WHAT TO DO:
In the entries that follow, the lines from the line containing "Соединения, в которых" up to and including the line containing "Step inside to" must be copied exactly, with pictures omitted.

─── SUPPLIED DATA

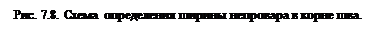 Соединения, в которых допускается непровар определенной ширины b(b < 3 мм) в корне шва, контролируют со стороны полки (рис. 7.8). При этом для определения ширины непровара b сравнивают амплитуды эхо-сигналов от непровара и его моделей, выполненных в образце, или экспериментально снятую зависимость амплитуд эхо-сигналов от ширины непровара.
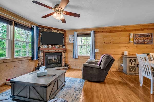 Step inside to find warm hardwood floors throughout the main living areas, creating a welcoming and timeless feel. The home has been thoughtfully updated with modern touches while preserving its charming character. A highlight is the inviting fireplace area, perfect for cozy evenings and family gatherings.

──────
─── SUPPLIED DATA

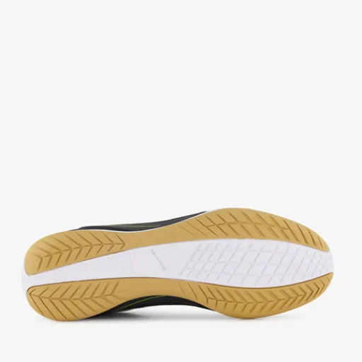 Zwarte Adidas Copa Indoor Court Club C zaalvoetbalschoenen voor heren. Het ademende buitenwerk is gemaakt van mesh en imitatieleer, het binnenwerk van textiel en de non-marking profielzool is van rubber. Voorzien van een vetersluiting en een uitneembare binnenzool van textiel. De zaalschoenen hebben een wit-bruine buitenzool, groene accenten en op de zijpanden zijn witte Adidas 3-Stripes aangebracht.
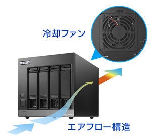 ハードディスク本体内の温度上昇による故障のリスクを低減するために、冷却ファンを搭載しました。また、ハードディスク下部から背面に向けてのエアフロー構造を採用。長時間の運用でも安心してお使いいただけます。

──────

RESULT OF THE TASK:
 Соединения, в которых допускается непровар определенной ширины b(b < 3 мм) в корне шва, контролируют со стороны полки (рис. 7.8). При этом для определения ширины непровара b сравнивают амплитуды эхо-сигналов от непровара и его моделей, выполненных в образце, или экспериментально снятую зависимость амплитуд эхо-сигналов от ширины непровара.
 Step inside to find warm hardwood floors throughout the main living areas, creating a welcoming and timeless feel. The home has been thoughtfully updated with modern touches while preserving its charming character. A highlight is the inviting fireplace area, perfect for cozy evenings and family gatherings.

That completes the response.